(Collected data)

◇ ◇ ◇ ◇ ◇

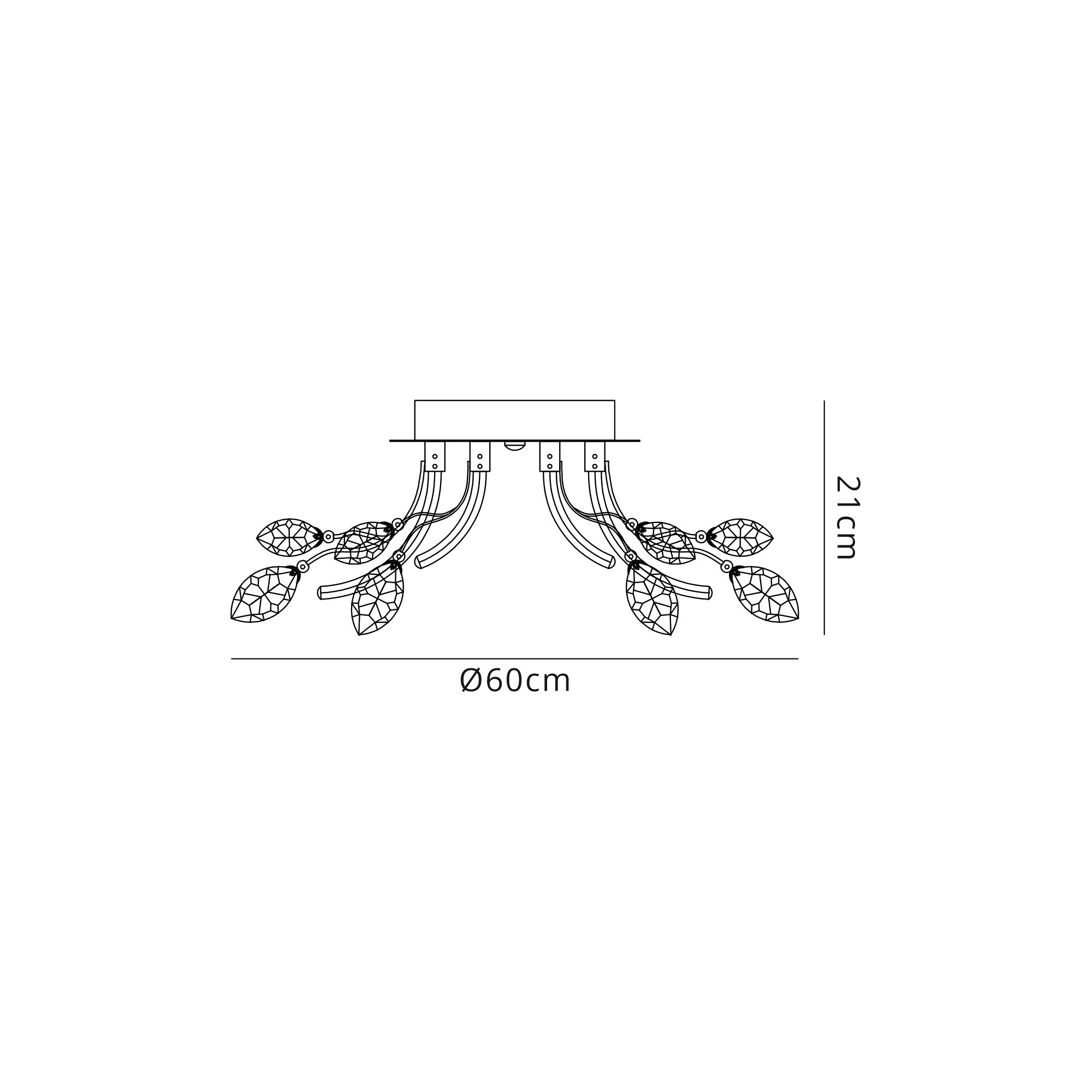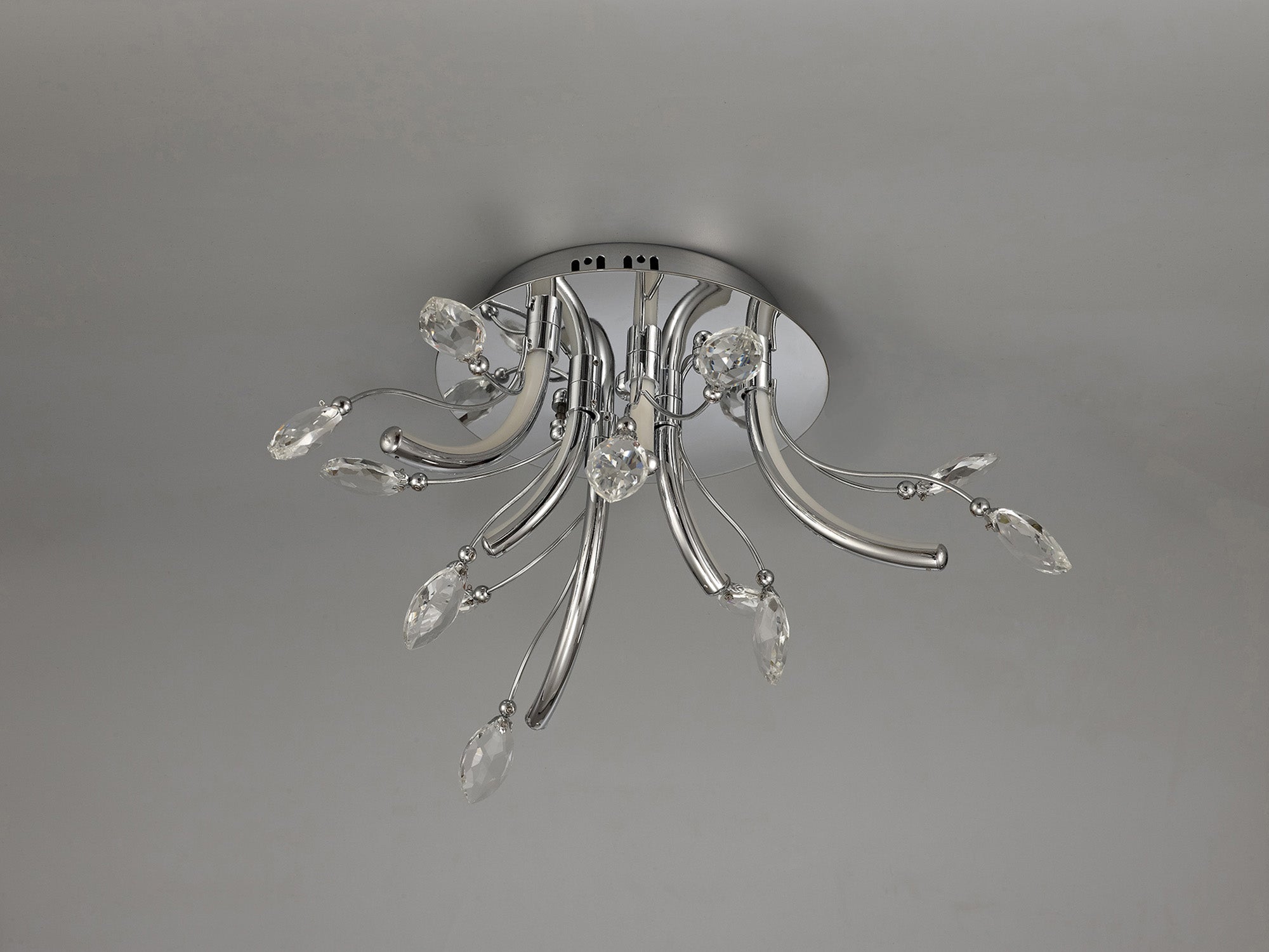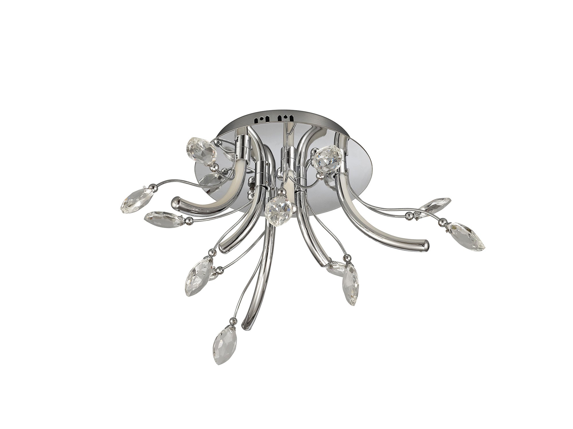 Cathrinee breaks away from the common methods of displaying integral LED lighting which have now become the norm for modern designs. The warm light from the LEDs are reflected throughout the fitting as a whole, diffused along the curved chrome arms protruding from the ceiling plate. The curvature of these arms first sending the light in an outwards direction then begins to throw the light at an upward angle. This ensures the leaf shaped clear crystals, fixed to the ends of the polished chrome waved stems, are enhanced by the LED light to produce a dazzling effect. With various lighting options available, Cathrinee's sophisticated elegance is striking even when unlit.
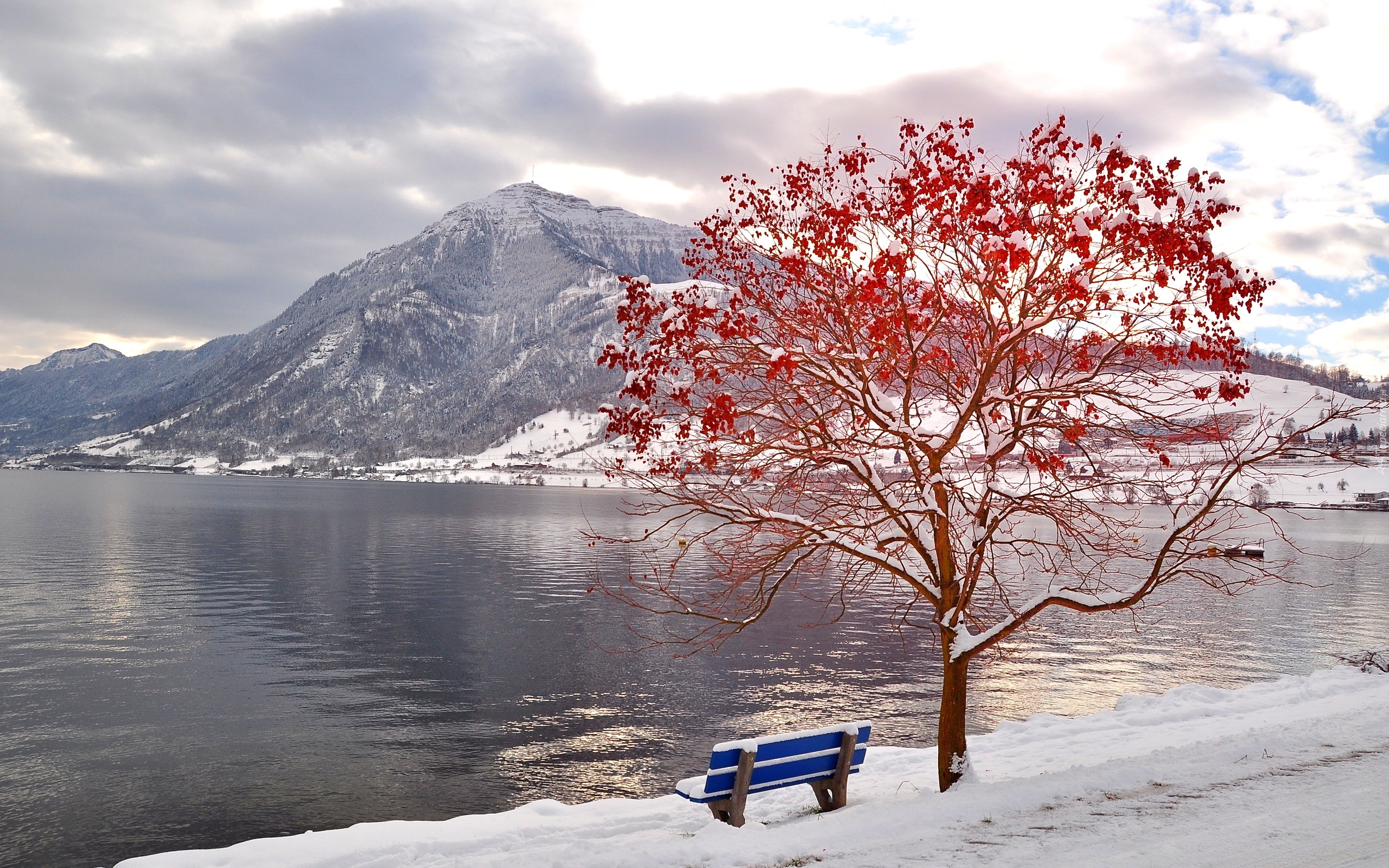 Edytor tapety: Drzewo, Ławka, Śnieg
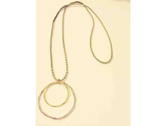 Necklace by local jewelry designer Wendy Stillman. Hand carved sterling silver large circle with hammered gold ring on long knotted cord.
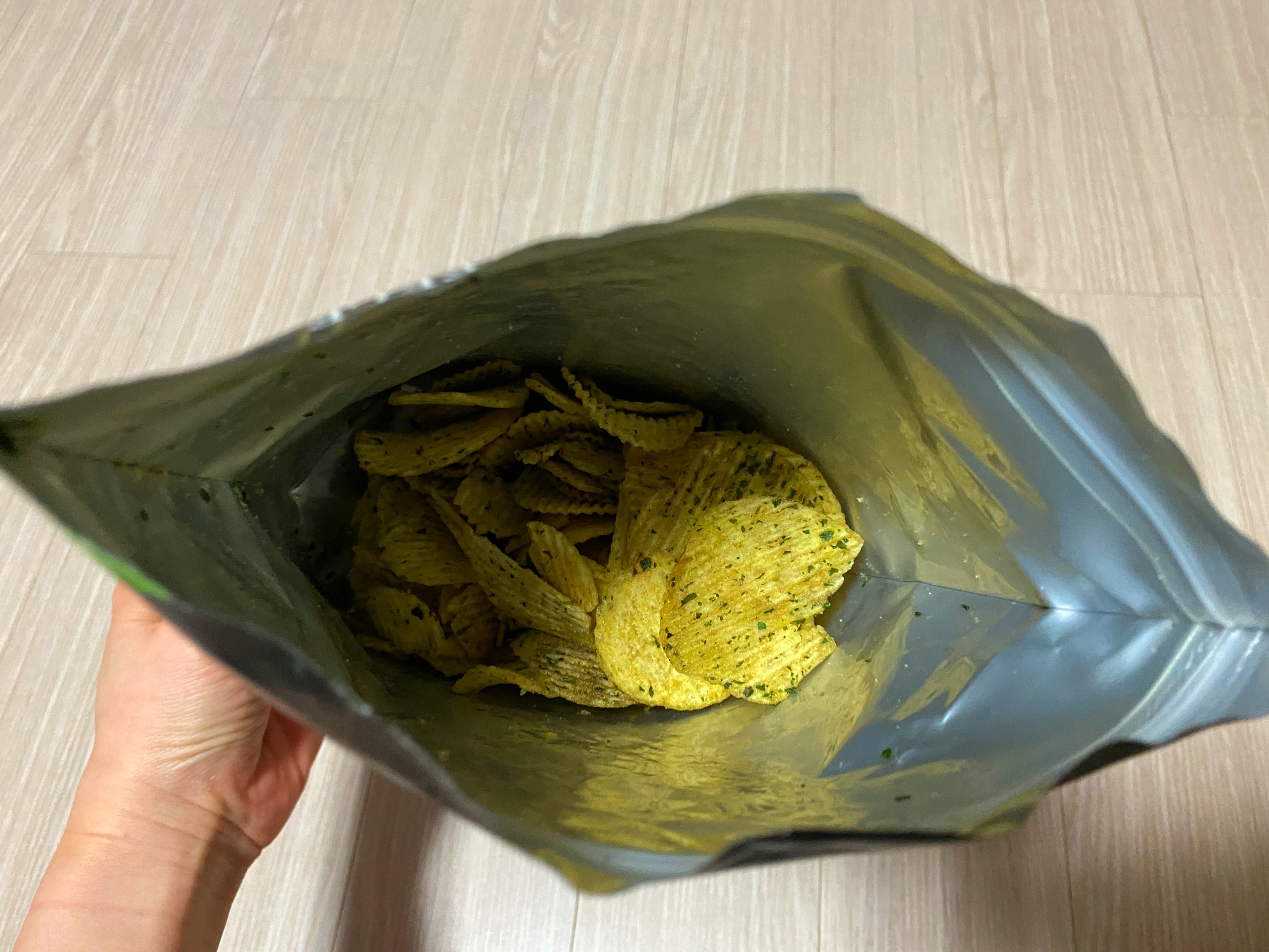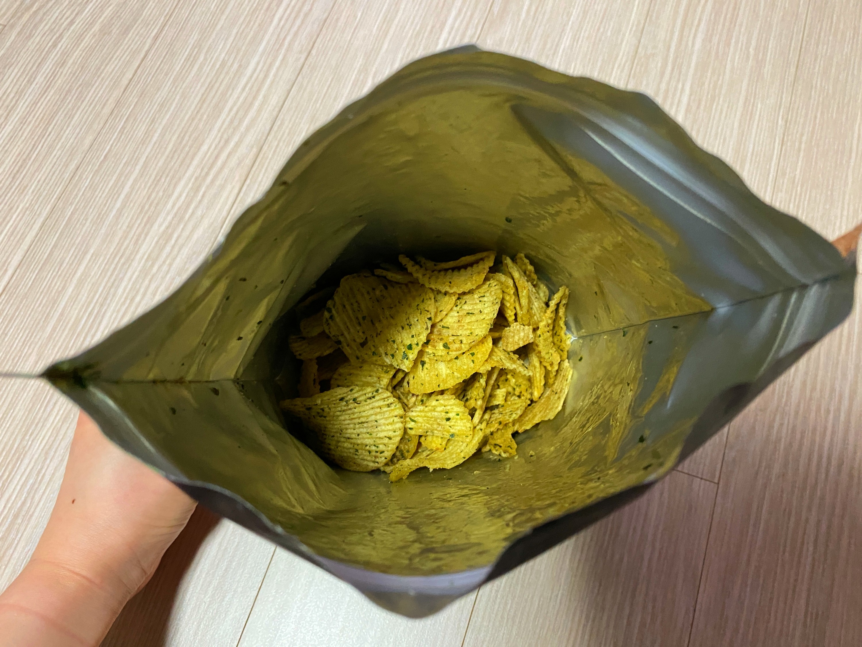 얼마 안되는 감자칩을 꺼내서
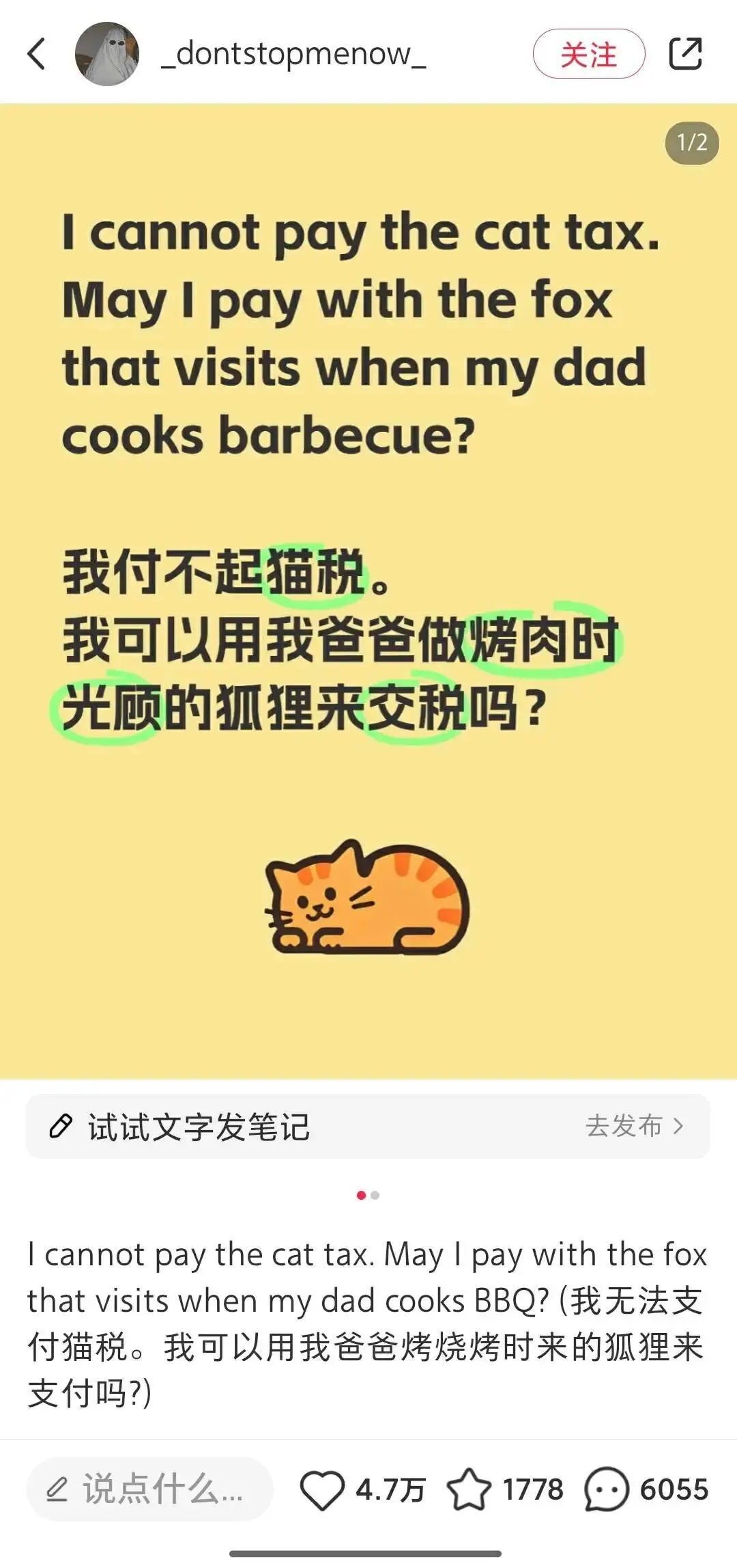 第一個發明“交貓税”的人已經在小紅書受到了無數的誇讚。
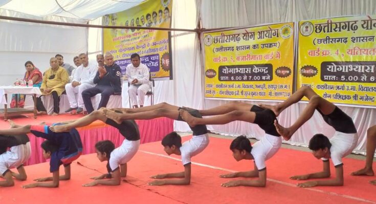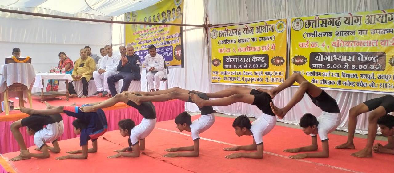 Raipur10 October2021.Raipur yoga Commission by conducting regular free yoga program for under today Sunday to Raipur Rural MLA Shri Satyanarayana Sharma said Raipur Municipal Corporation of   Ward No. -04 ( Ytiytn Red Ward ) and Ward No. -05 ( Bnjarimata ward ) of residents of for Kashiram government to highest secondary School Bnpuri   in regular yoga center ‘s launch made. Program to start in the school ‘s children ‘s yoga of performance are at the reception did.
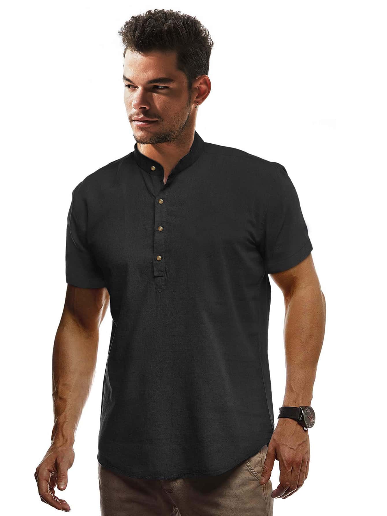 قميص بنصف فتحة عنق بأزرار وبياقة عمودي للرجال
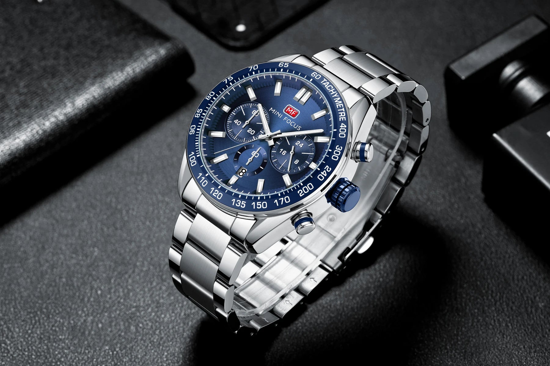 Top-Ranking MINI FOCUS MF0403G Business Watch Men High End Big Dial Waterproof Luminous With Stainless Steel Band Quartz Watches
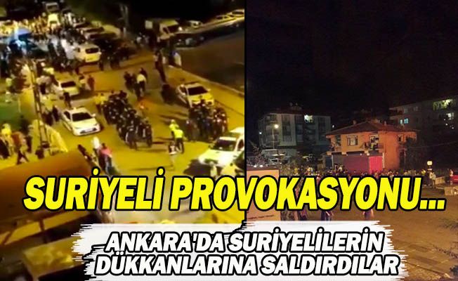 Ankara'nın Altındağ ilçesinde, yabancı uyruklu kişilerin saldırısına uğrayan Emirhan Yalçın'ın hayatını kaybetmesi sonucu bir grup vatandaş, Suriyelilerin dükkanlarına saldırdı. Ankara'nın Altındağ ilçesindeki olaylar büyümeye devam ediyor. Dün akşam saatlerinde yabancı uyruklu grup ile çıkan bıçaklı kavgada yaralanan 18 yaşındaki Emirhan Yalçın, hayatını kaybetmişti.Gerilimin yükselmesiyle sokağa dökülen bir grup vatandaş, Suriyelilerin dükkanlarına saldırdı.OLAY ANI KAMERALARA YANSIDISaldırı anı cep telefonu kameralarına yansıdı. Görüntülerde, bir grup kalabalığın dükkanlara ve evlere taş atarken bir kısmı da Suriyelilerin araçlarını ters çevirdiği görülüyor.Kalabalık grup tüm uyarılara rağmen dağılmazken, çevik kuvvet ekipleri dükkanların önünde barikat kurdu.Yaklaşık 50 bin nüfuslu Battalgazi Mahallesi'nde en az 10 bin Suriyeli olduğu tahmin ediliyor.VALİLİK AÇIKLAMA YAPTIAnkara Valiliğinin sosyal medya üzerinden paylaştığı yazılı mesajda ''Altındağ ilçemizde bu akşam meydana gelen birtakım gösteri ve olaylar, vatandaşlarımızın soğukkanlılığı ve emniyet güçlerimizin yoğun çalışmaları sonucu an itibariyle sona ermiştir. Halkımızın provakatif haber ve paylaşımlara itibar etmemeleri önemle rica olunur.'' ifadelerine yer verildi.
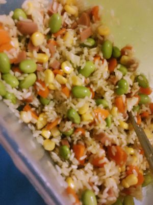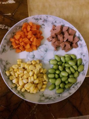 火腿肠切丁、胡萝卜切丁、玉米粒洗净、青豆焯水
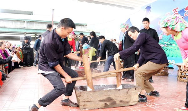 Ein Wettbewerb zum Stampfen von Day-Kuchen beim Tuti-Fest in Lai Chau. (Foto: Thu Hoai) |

◇ ◇ ◇ ◇ ◇

§ Exercise details
None of the pictures should be carried over when the data above is transcribed exactly.

§ Finished task
 Cathrinee breaks away from the common methods of displaying integral LED lighting which have now become the norm for modern designs. The warm light from the LEDs are reflected throughout the fitting as a whole, diffused along the curved chrome arms protruding from the ceiling plate. The curvature of these arms first sending the light in an outwards direction then begins to throw the light at an upward angle. This ensures the leaf shaped clear crystals, fixed to the ends of the polished chrome waved stems, are enhanced by the LED light to produce a dazzling effect. With various lighting options available, Cathrinee's sophisticated elegance is striking even when unlit.
 Edytor tapety: Drzewo, Ławka, Śnieg
 Necklace by local jewelry designer Wendy Stillman. Hand carved sterling silver large circle with hammered gold ring on long knotted cord.
 얼마 안되는 감자칩을 꺼내서
 第一個發明“交貓税”的人已經在小紅書受到了無數的誇讚。
 Raipur10 October2021.Raipur yoga Commission by conducting regular free yoga program for under today Sunday to Raipur Rural MLA Shri Satyanarayana Sharma said Raipur Municipal Corporation of   Ward No. -04 ( Ytiytn Red Ward ) and Ward No. -05 ( Bnjarimata ward ) of residents of for Kashiram government to highest secondary School Bnpuri   in regular yoga center ‘s launch made. Program to start in the school ‘s children ‘s yoga of performance are at the reception did.
 قميص بنصف فتحة عنق بأزرار وبياقة عمودي للرجال
 Top-Ranking MINI FOCUS MF0403G Business Watch Men High End Big Dial Waterproof Luminous With Stainless Steel Band Quartz Watches
 Ankara'nın Altındağ ilçesinde, yabancı uyruklu kişilerin saldırısına uğrayan Emirhan Yalçın'ın hayatını kaybetmesi sonucu bir grup vatandaş, Suriyelilerin dükkanlarına saldırdı. Ankara'nın Altındağ ilçesindeki olaylar büyümeye devam ediyor. Dün akşam saatlerinde yabancı uyruklu grup ile çıkan bıçaklı kavgada yaralanan 18 yaşındaki Emirhan Yalçın, hayatını kaybetmişti.Gerilimin yükselmesiyle sokağa dökülen bir grup vatandaş, Suriyelilerin dükkanlarına saldırdı.OLAY ANI KAMERALARA YANSIDISaldırı anı cep telefonu kameralarına yansıdı. Görüntülerde, bir grup kalabalığın dükkanlara ve evlere taş atarken bir kısmı da Suriyelilerin araçlarını ters çevirdiği görülüyor.Kalabalık grup tüm uyarılara rağmen dağılmazken, çevik kuvvet ekipleri dükkanların önünde barikat kurdu.Yaklaşık 50 bin nüfuslu Battalgazi Mahallesi'nde en az 10 bin Suriyeli olduğu tahmin ediliyor.VALİLİK AÇIKLAMA YAPTIAnkara Valiliğinin sosyal medya üzerinden paylaştığı yazılı mesajda ''Altındağ ilçemizde bu akşam meydana gelen birtakım gösteri ve olaylar, vatandaşlarımızın soğukkanlılığı ve emniyet güçlerimizin yoğun çalışmaları sonucu an itibariyle sona ermiştir. Halkımızın provakatif haber ve paylaşımlara itibar etmemeleri önemle rica olunur.'' ifadelerine yer verildi.
 火腿肠切丁、胡萝卜切丁、玉米粒洗净、青豆焯水
 Ein Wettbewerb zum Stampfen von Day-Kuchen beim Tuti-Fest in Lai Chau. (Foto: Thu Hoai) |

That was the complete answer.